» Aim of the task: Transcribe the listing in full, excluding any pictures.

===== Source data =====

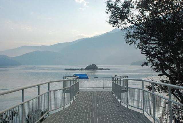 日月潭位于南投县鱼池乡水社村,是台湾唯一的天然湖,由玉山和阿里山之间的断裂盆地积水而成。湖面海拔760米,面积约9平方千米,平均水深30米,湖周长约35千米。日月潭四周群山环抱,重峦迭嶂,潭水碧波晶莹,湖面辽阔,群峰倒映湖中,优美如画。
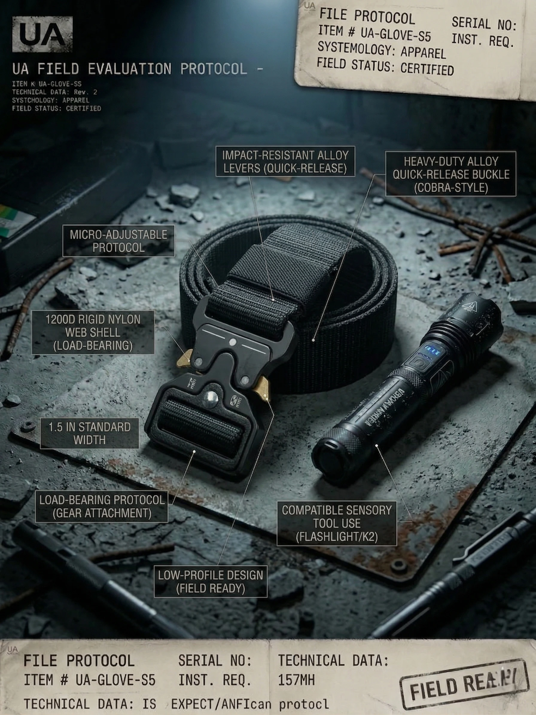 1200D Rigid Nylon Webbing: Stiff enough to support holsters, heavy flashlights, and K2 meters without sagging or twisting.
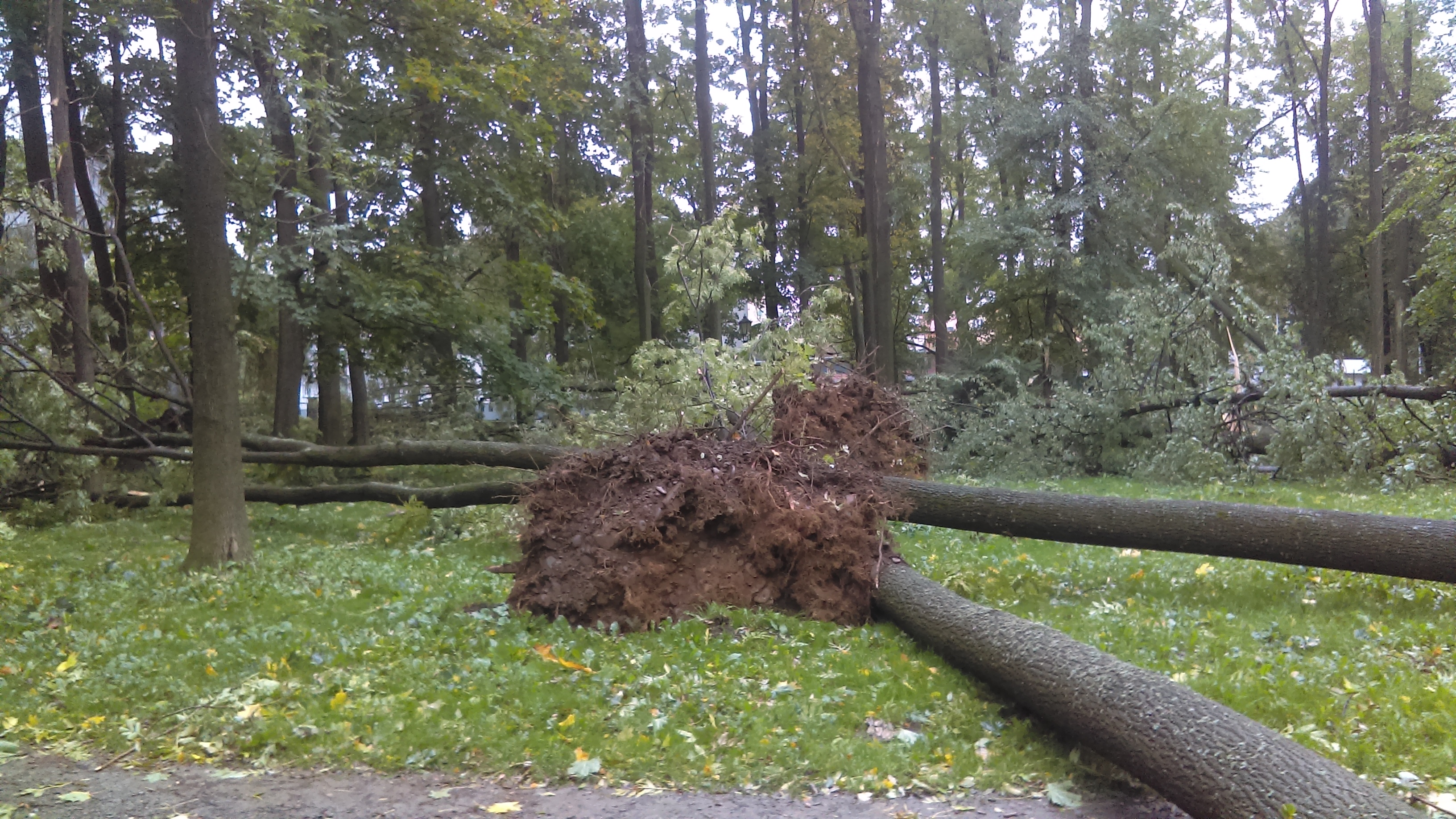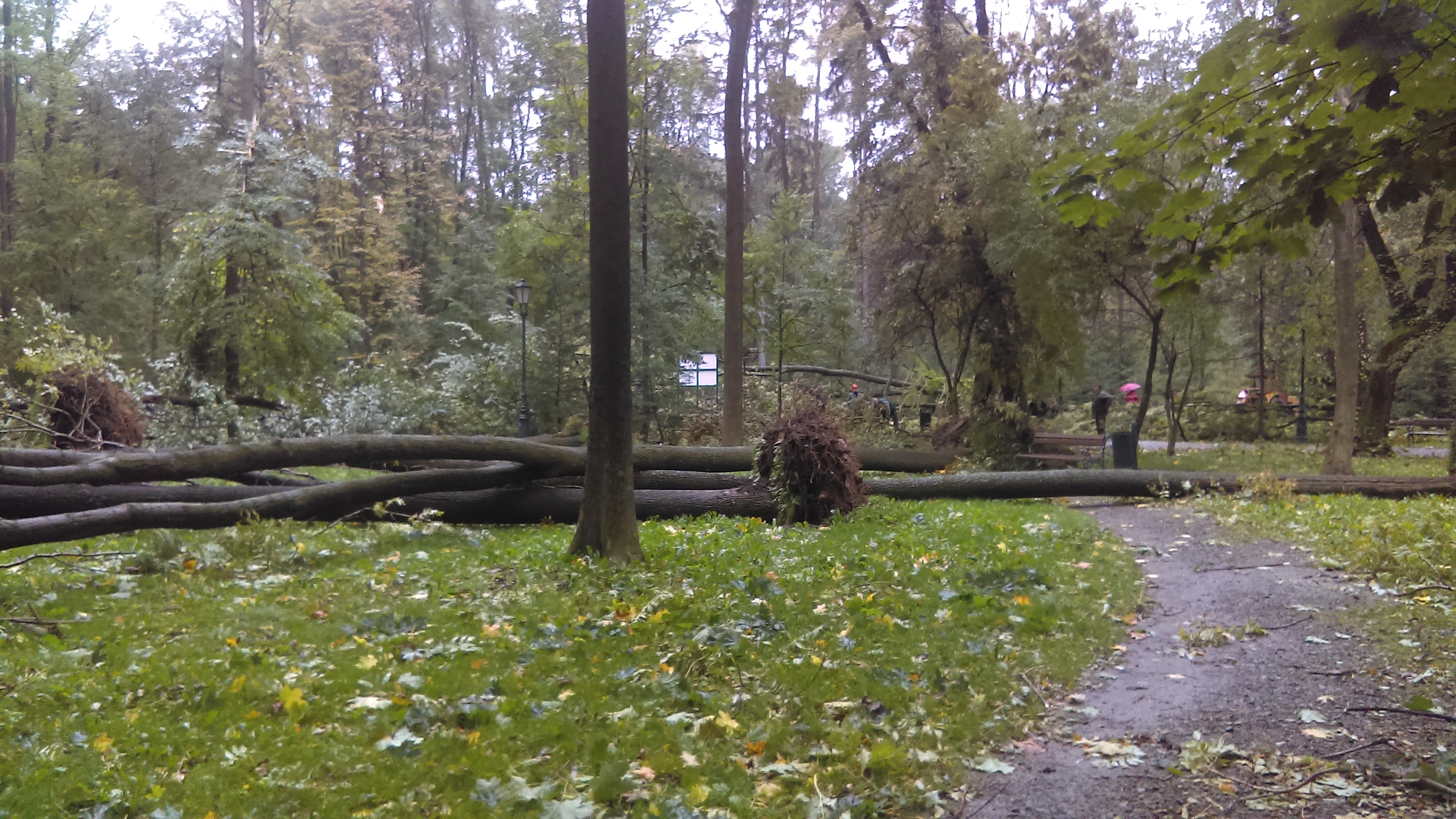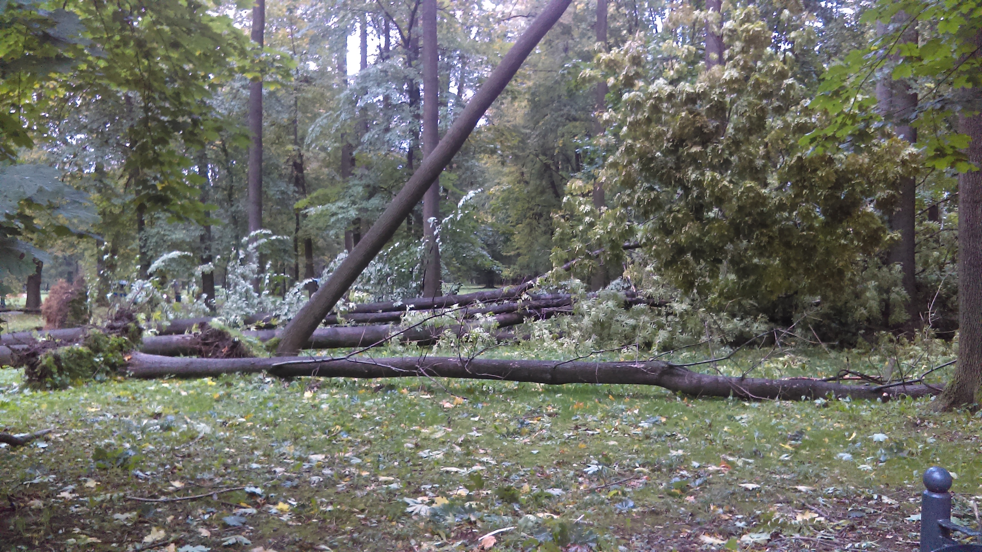 * Urząd Miejski szacuje, że zniszczeiu uległa 1/5 parkowego drzewostanu. Park znalazł się w centrum nawałnicy, na szczeście nikt tam akurat nie przebwał.

=====

» Answer space:
 日月潭位于南投县鱼池乡水社村,是台湾唯一的天然湖,由玉山和阿里山之间的断裂盆地积水而成。湖面海拔760米,面积约9平方千米,平均水深30米,湖周长约35千米。日月潭四周群山环抱,重峦迭嶂,潭水碧波晶莹,湖面辽阔,群峰倒映湖中,优美如画。
 1200D Rigid Nylon Webbing: Stiff enough to support holsters, heavy flashlights, and K2 meters without sagging or twisting.
 * Urząd Miejski szacuje, że zniszczeiu uległa 1/5 parkowego drzewostanu. Park znalazł się w centrum nawałnicy, na szczeście nikt tam akurat nie przebwał.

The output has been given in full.